(Stored items from a collection)
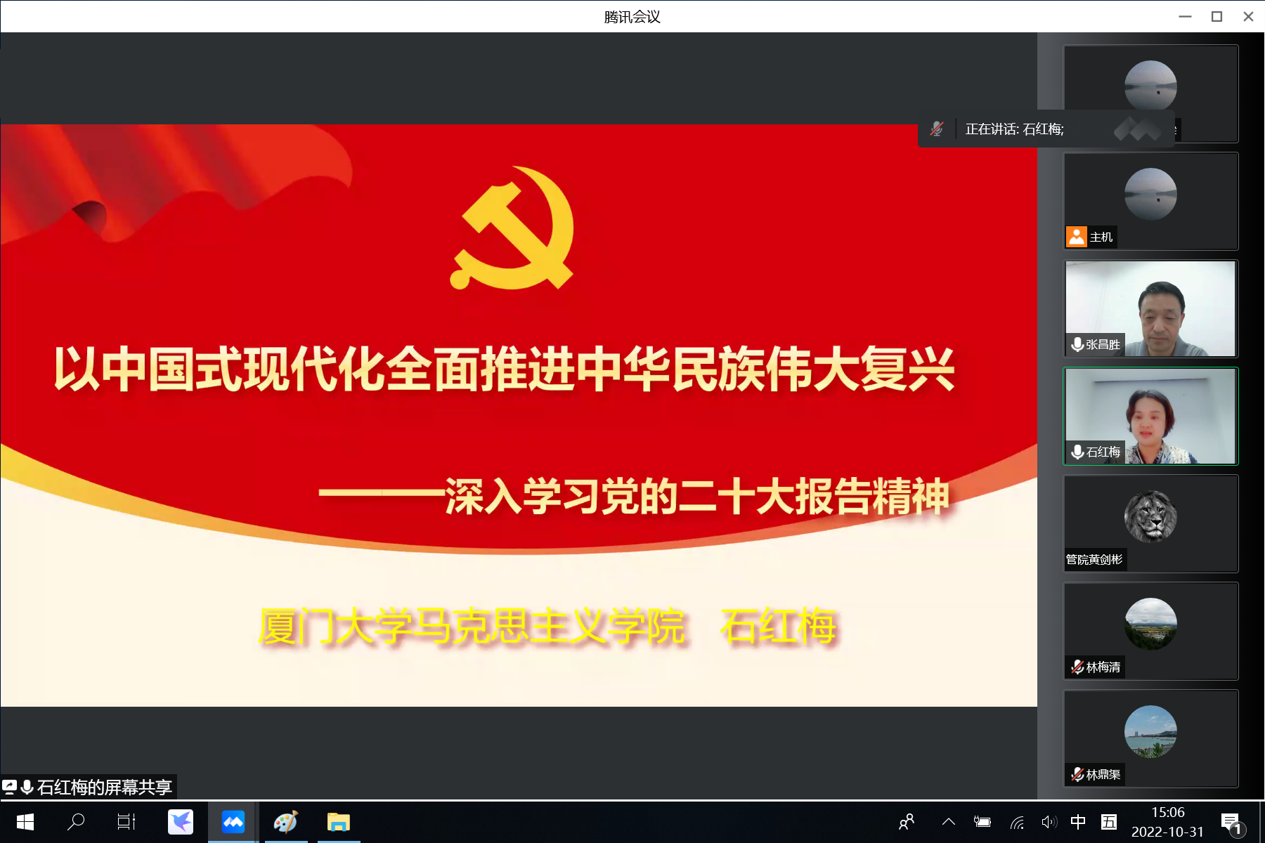 为掀起学习宣传贯彻热潮,推动党的二十大精神在学校实验室管理教工的心中落地生根,10月31日,实验室与设备管理处举办“厦门大学实验室管理人员业务能力提升系列讲座”,邀请马克思主义学院党委书记石红梅教授为学校实验室管理教工解读党的二十大精神。根据学校疫情防控要求,培训讲座采取线上视频会议的方式,实验室与设备管理处副处长张昌胜主持培训讲座。
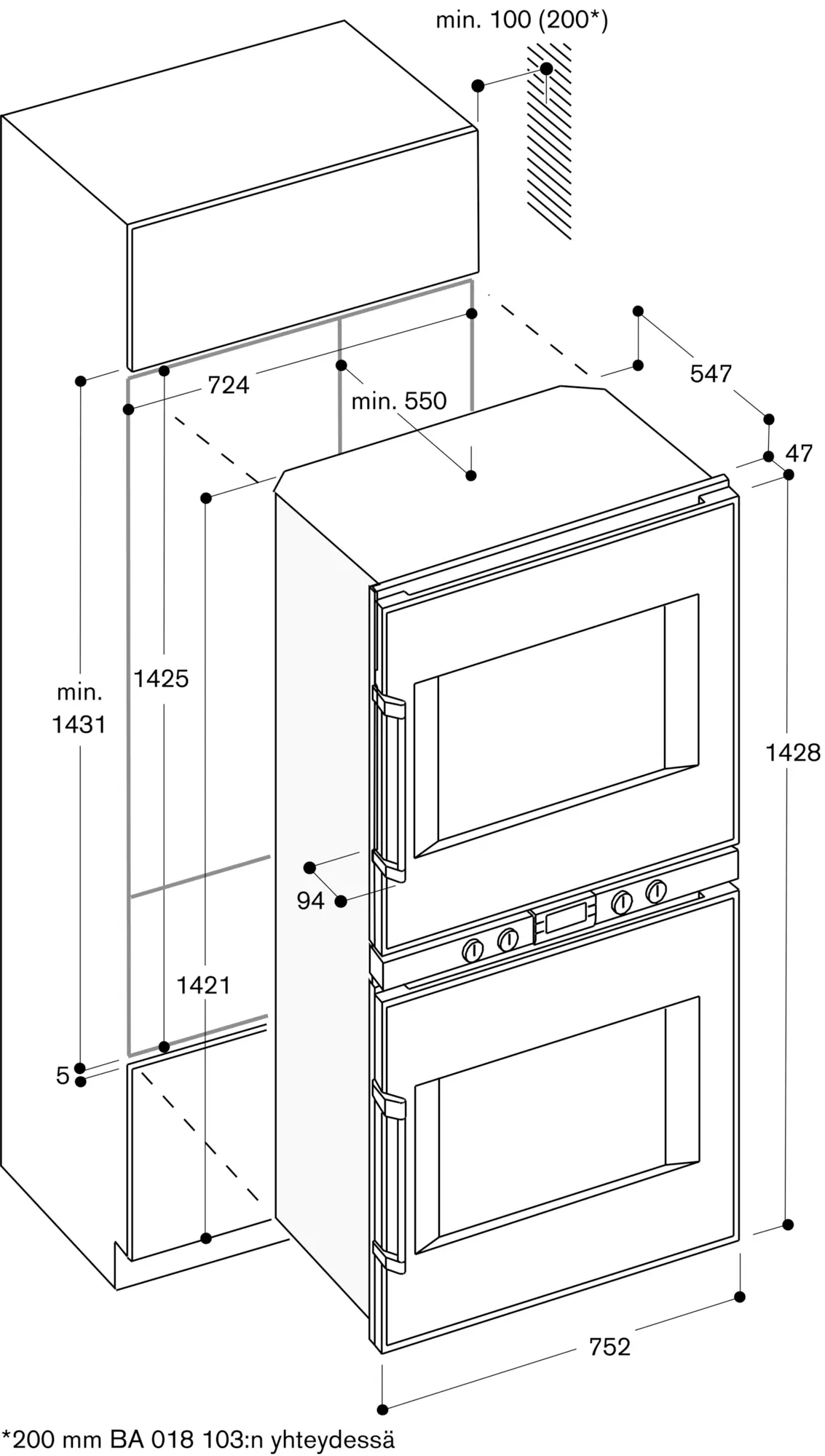 Laitteen etureuna tulee 47 mm ulos kaapiston rungosta
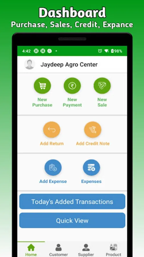 First step is to add product details, then step by step add customer, sales, purchase and vendor details in to the app so in future you can quickly check and manage your Stock, payments, turnover, sales, purchase.... in sort account and inventory, App would guide you to enter detail systematically.
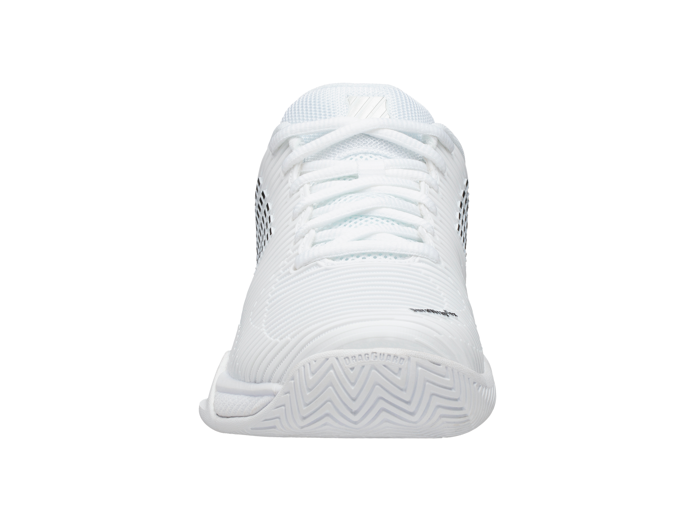 DuraWrap und DragGuard in der Laufsohle bieten eine zusätzliche Schutzschicht an wichtigen Schuhstützpunkten. Durch die markierungsfreie Laufsohle ist der Schuh für Kies, Smashcourt und Kunstrasen geeignet.
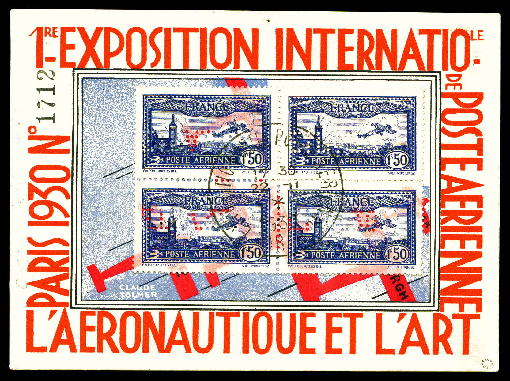 2583 imageN°6c, 1F50 outremer perforé 'E.I.P.A.30' en bloc de quatre sur carte de l'exposition avec texte orange, très jolie pièce. SUP (signé/certificat) Qualité: Oblitéré (Image)
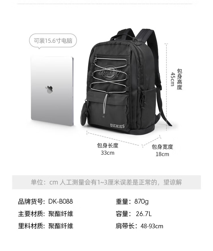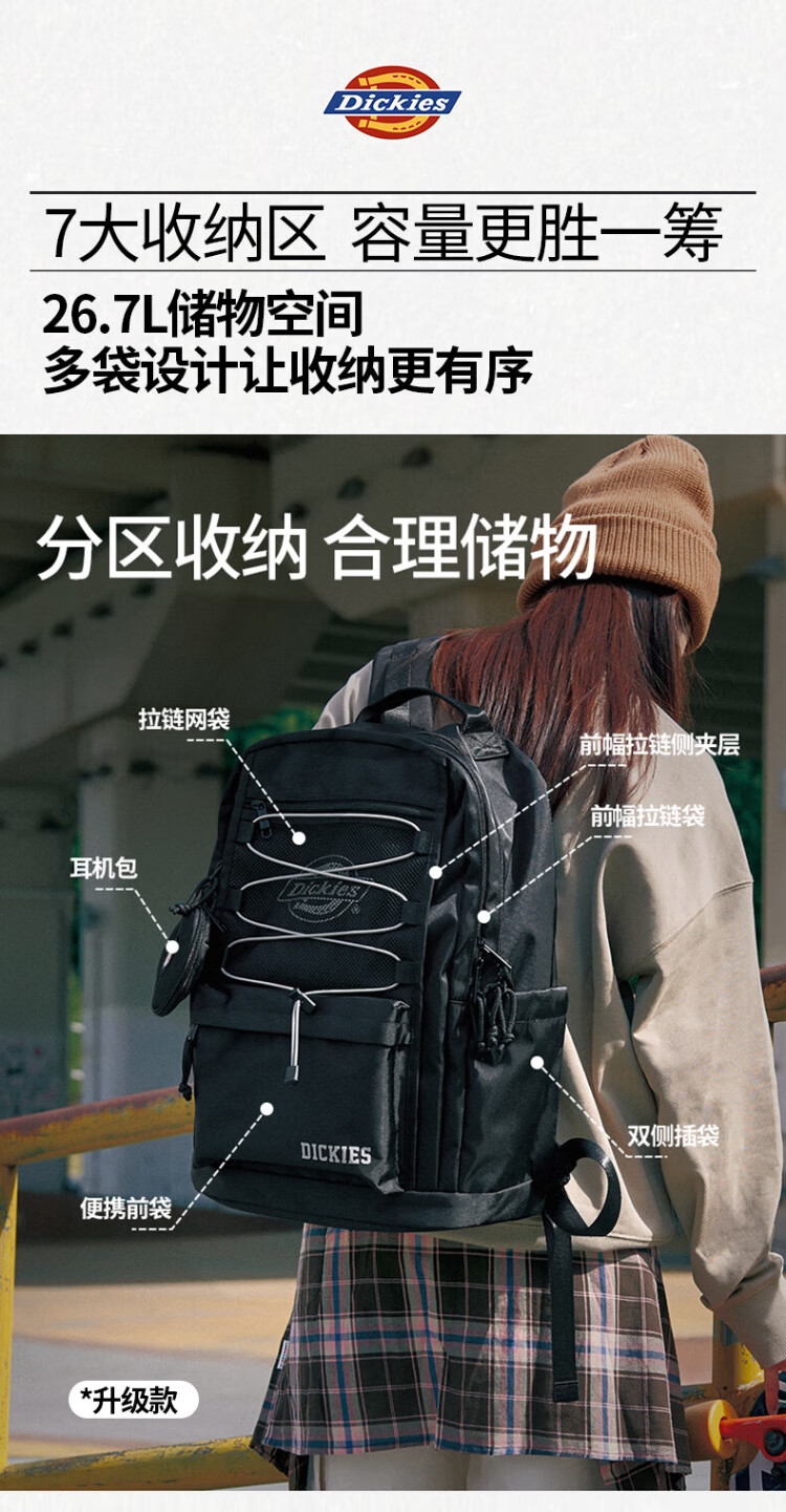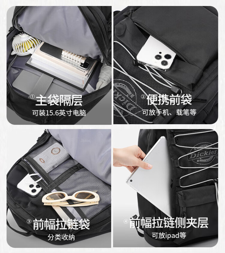 Dickies sac à dos pour hommes sac à dos de sport de plein air sac de voyage de grande capacité sac d'ordinateur étudiants du collège et du lycée sacs d'école pour hommes et femmes
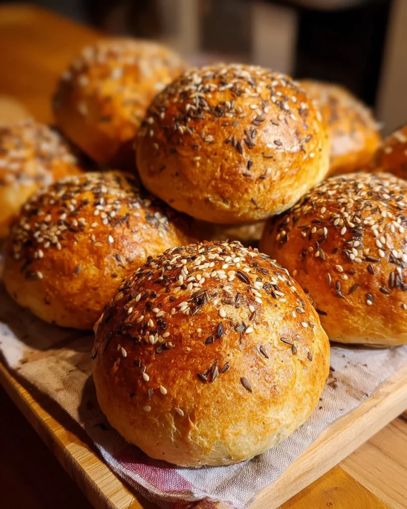 Delicious and fluffy homemade seeded bread rolls, perfect for any meal.
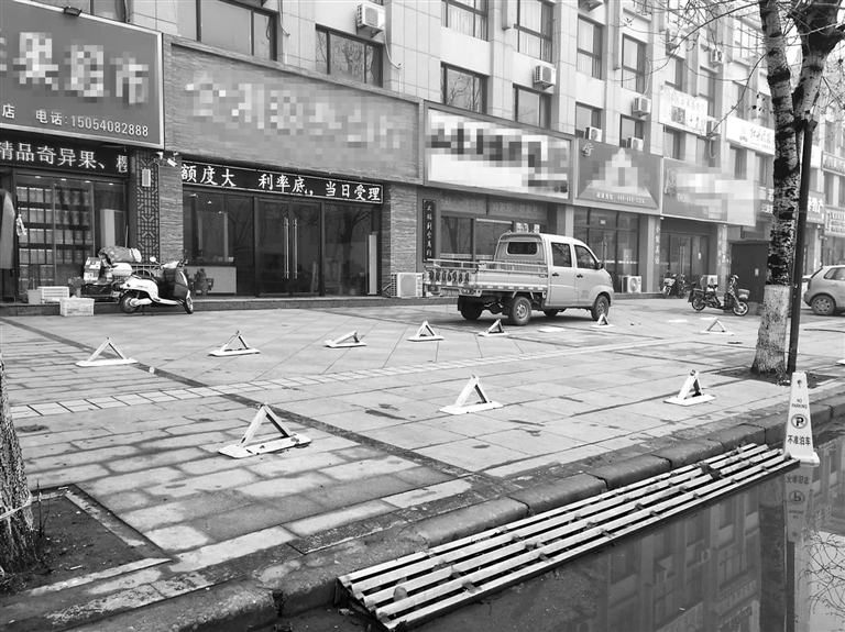 “前几日,我在市区太原路天泽园小区临街的商铺买东西时,就遇到个烦心事,商铺门前的地方都被商家用地锁占了,没有停车的地方。真是不理解这些行为——没有停车的地方,顾客怎么停车消费呢?”陈先生向记者诉说。
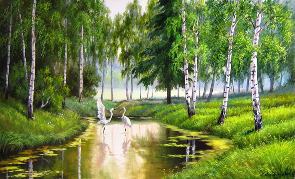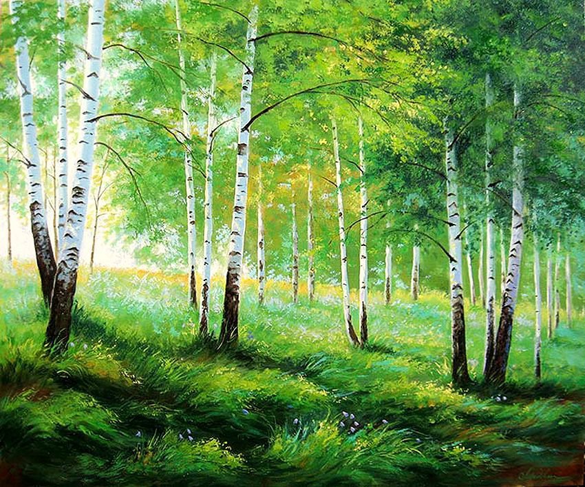 Живопись природа Березовая роща
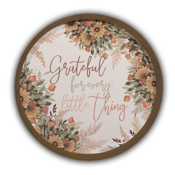 Our Brown Grateful for Every Little Thing Wall Plaque is a great reminder of what Thanksgiving is all about! This plaque is perfect for decorating for Thanksgiving or the whole fall season! Plaque measures 1.38W x 20 in. in diameter Crafted of wood Distressed brown wood frame finish Beige background finish Features the phrase "Grateful for every little thing" Accented with fall florals and leaves Round shape Hues of brown, yellow, orange, and green Designed and printed in the USA Comes ready to hang with two (2) high-quality D-rings Care: Wipe clean with dry cloth. This item is available at Kirklands.com only, not available in stores. Please note: this item cannot be shipped to APO/FPO addresses.
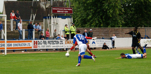 Paul Burns could have done better as he capitalised on confusion in the box as a long clearance bounced awkwardly for a defender who under pressure from Dobbie allowed the ball to run loose to Burns, the new member of the 100+ club blasted the ball over the top as he swivelled to shot back toward goal. |
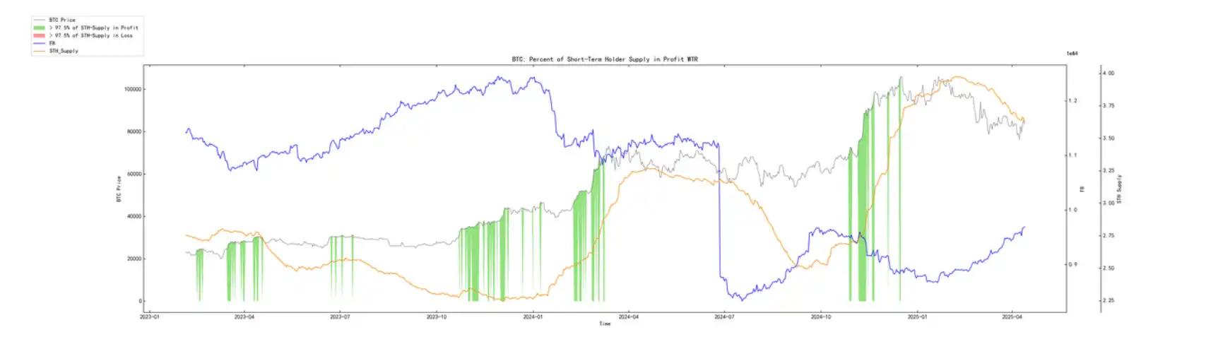 短期的盈利结构仍相对健康,尚未出现存量环境中过度盈利的表征(即绿⾊抛压区)。可能⽬前的参与者问题出在整体性的积极和消极状态切换中。相对中性,紧绷的宏观环境也在不断地市场参与者的选择边界。
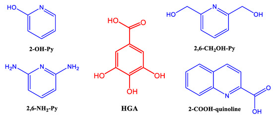 Synthesis. All synthetic procedures were carried out in air. Gallic acid (GA), 2-hydroxypyridine (2-OH-Py), 2,6-diaminopyridine (2,6-NH2-Py), 2,6-dimethylhydroxypyridine (2,6-CH2OH-Py), quinoline-2-carboxylic acid (2-COOH-quinoline), and solvents were purchased from commercial sources and used without any further purification. Carbon, nitrogen, and hydrogen contents were measured with a Carlo Erba microanalyzer, model 1106 (Carlo Erba Instruments, Egelsbach, Germany).
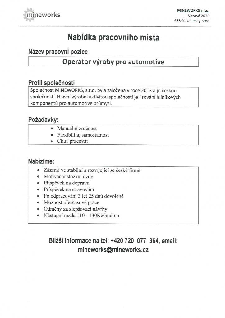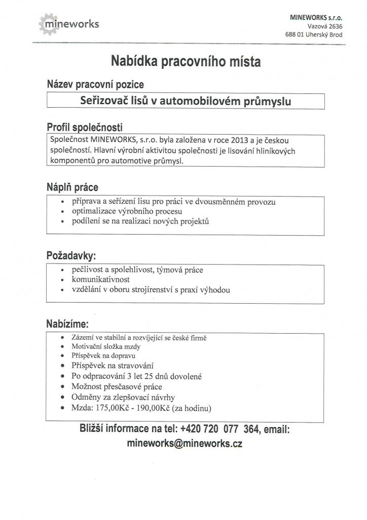 Firma Mineworks s.r.o. z Uherského Brodu nabízí několik volných pracovních pozic. Více informací v letácích.
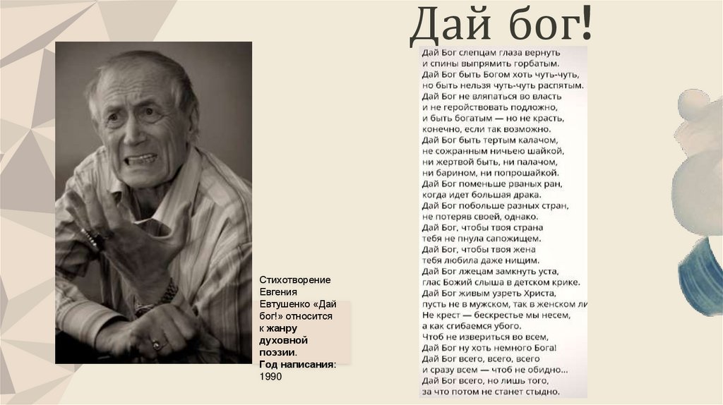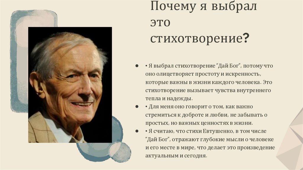 ● • Я выбрал стихотворение “Дай Бог”, потому что
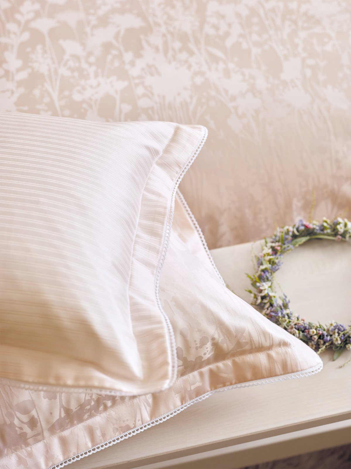 Die Kissen werden mit 4-seitig abgestepptem 3 cm-Stehsaum und Zierband gefertigt.
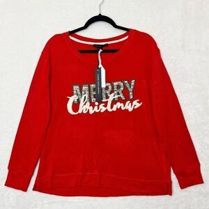 Anthropologie Jane + Delancey Red Merry Christmas Graphic Sweatshirt Size M NWT
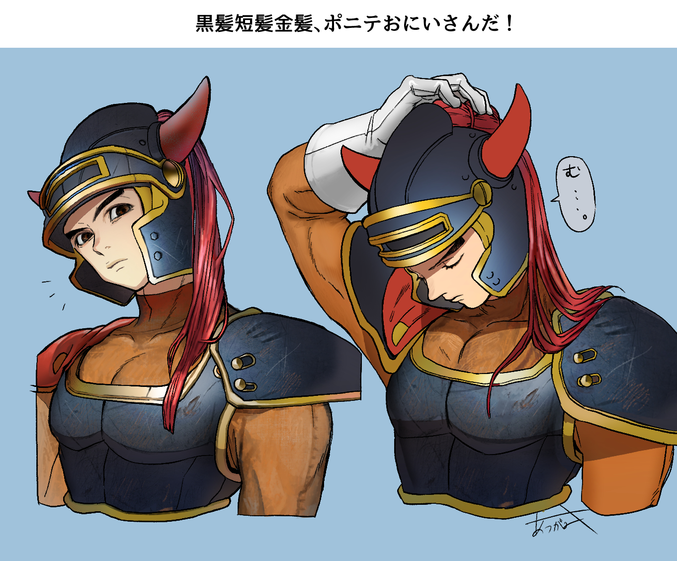 1boy aretokasoretoka armor black_eyes blue_armor bodysuit cape closed_eyes closed_mouth commentary_request covered_pectorals dragon_quest dragon_quest_i fake_horns gloves hand_on_headwear helmet hero_(dq1) horned_helmet horns looking_to_the_side male_focus multiple_views notice_lines orange_bodysuit pectorals red_cape signature speech_bubble toned toned_male translation_request upper_body white_gloves

## [Work to complete]
What is needed is the exact run of lines from the start of the data through the line with "Живопись природа Березовая роща", both ends included, minus the pictures.

## [Answer box]
 为掀起学习宣传贯彻热潮,推动党的二十大精神在学校实验室管理教工的心中落地生根,10月31日,实验室与设备管理处举办“厦门大学实验室管理人员业务能力提升系列讲座”,邀请马克思主义学院党委书记石红梅教授为学校实验室管理教工解读党的二十大精神。根据学校疫情防控要求,培训讲座采取线上视频会议的方式,实验室与设备管理处副处长张昌胜主持培训讲座。
 Laitteen etureuna tulee 47 mm ulos kaapiston rungosta
 First step is to add product details, then step by step add customer, sales, purchase and vendor details in to the app so in future you can quickly check and manage your Stock, payments, turnover, sales, purchase.... in sort account and inventory, App would guide you to enter detail systematically.
 DuraWrap und DragGuard in der Laufsohle bieten eine zusätzliche Schutzschicht an wichtigen Schuhstützpunkten. Durch die markierungsfreie Laufsohle ist der Schuh für Kies, Smashcourt und Kunstrasen geeignet.
 2583 imageN°6c, 1F50 outremer perforé 'E.I.P.A.30' en bloc de quatre sur carte de l'exposition avec texte orange, très jolie pièce. SUP (signé/certificat) Qualité: Oblitéré (Image)
 Dickies sac à dos pour hommes sac à dos de sport de plein air sac de voyage de grande capacité sac d'ordinateur étudiants du collège et du lycée sacs d'école pour hommes et femmes
 Delicious and fluffy homemade seeded bread rolls, perfect for any meal.
 “前几日,我在市区太原路天泽园小区临街的商铺买东西时,就遇到个烦心事,商铺门前的地方都被商家用地锁占了,没有停车的地方。真是不理解这些行为——没有停车的地方,顾客怎么停车消费呢?”陈先生向记者诉说。
 Живопись природа Березовая роща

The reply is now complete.